Thursday, March 29, 2012

PAY ME NOW OR PAY ME LATER…

3/29/12

This week’s oral arguments in the Supreme Court concerning what has come to be known as “Obamacare” (See yesterday’s post, YOU CAN’T TELL THE PLAYERS WITHOUT A SCORECARD) have given me and, apparently, those few journalists who are not wholly consumed with the Trayvon Martin story, occasion to revisit the health insurance issue extensively. Yesterday, I opined on the Supreme Court’s deliberations and the political implications thereof. Today, I thought it would be fruitful to discuss a substantive (judging from the action in the Court, THE substantive) portion of the bill: the mandate that essentially everyone in the country buy health insurance.

As I have said before, even I, with my purported libertarian leanings, have no problem with an insurance mandate. Why? Because to say that one has a right not to buy health insurance is to say that one has the right to pawn off his responsibilities on everybody else. If a person were to get sick while uninsured, the very high likelihood is that his fellow citizens (i.e., you and I) will ultimately pay for his or her hospital and doctor bills, either through higher health insurance premia or through the tax system (or, in the modern world, the money printing system) in the form of taxes to support Medicaid or similar health insurance provision programs. There is nothing patriotic, noble, admirable, honorable, tough, or free market about demanding that others pick up your tab.

Some who are clearly either uninformed or filthy rich will argue that they don’t need health insurance because they will pay for their medical costs out of their own pockets. They apparently don’t realize that the cost of a hospital visit can easily be high enough to bankrupt a typical American family.

Others will argue that the young and healthy should not be forced to buy insurance because they “don’t need it.” The underlying assumption behind this "logic" is that young and apparently healthy people are immune to accidents and illnesses that can attack us at any age and in any state of health.

Everyone, with the possible exception of (probably both of) those wealthy enough to pay for any health care they could possibly incur, needs to buy health insurance…unless s/he somehow thinks it is somehow just and honorable to have everyone else pay for his or her health care.

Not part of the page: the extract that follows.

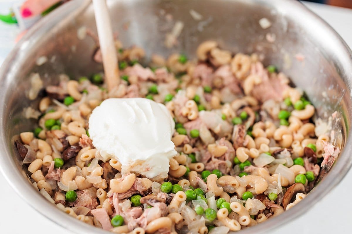 This delicious, creamy tuna casserole is made with baby bella mushrooms, parmesan cheese, and tangy yogurt.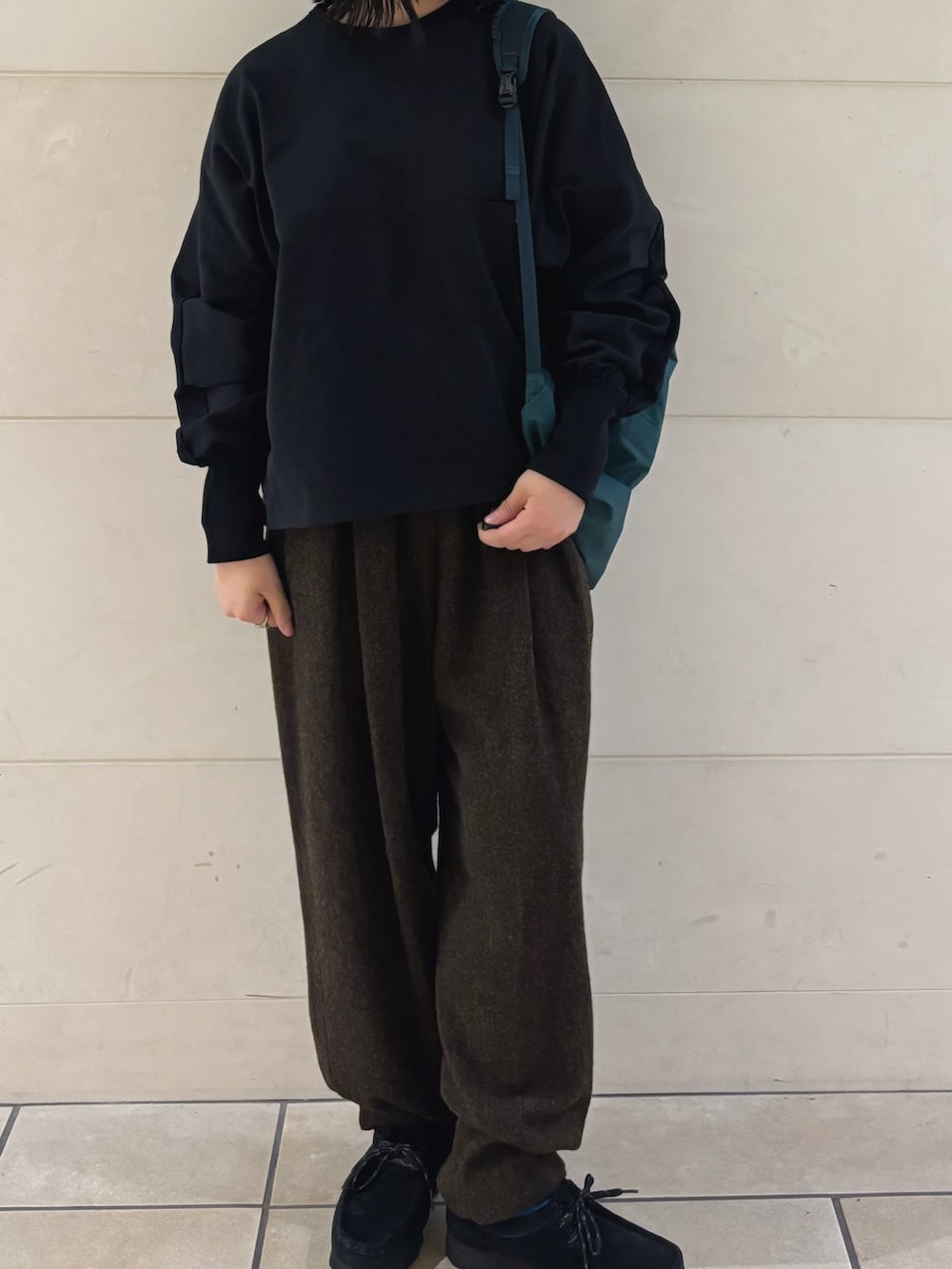 トップスはハリ感があって、シンプルながらも様になるアイテムで、袖のリブが長めにあるので、ボリューム感が可愛いです😃デニムなどでがっつりカジュアルにするのも良いですが、今回のようにちょっと綺麗めなアイテムで合わせるのもおすすです!ショート丈なのでスカートで合わせてもバランス取れます😉

There is one set of circumstances under which I could honestly and wholeheartedly adhere rigidly to what some call my libertarian principles and oppose a mandate. If we were to make sure that anyone who consumes health care pay, one way or the other, for the health care he consumes, I, too, would vigorously oppose a mandate. If, for example, someone gets sick or gets in a car accident and winds up in the hospital, he will have to pay that bill, no matter how large, either through insurance which he would voluntarily purchase or out of his own pocket. If he is uninsured and, as will generally be the case, is unable to pay the bill, the provider will be able to seize his bank accounts, stocks and bonds, cars, house (and I don’t mean put a lien on his house; I mean evict him and his family from his house and sell it to satisfy the claim), or any other assets he might have, in addition to, of course, garnishing his wages, in order to satisfy the claim. In other words, if one were to get sick or otherwise require medical care and is uninsured, he would have to pay the claim or would be financially broken in a forced effort to pay the claim. Further, it would have to be widely advertised that the consequences of incurring medical costs without insurance will, in most cases, be utter and complete financial ruin. No exceptions, no heart rending tales, no sob stories—if you incur a medical bill you will pay it, be financially destroyed, or both.

Such a system would provide sufficient incentive, without a mandate, to purchase medical insurance. However, we know that we would never enforce such a regimen; we simply will not throw people out in the street if they fail to buy insurance and incur health expenses they cannot pay. We will fall for the admittedly and justifiably poignant tales of the kids who will wind up paying for their parents’ mistakes or their parents’ “inability” to purchase insurance. We are simply too compassionate a society, for better or worse (probably for better), to make people pay such a high price even for their own blatant irresponsibility.

In the absence of a system that makes it clear that failure to insure one’s self and then demanding medical services will result in financial devastation, even ruin, people will still refuse to buy insurance and insist on having everyone else pay for their health care; i.e., they will exercise their right to be irresponsible. This is intolerable in a nation that demands, or at least once demanded, that people live up to certain responsibilities in order to live in a free society. Therefore I, and more people who think like I do than one would suspect, express, at least privately, little or no problem with a health insurance mandate.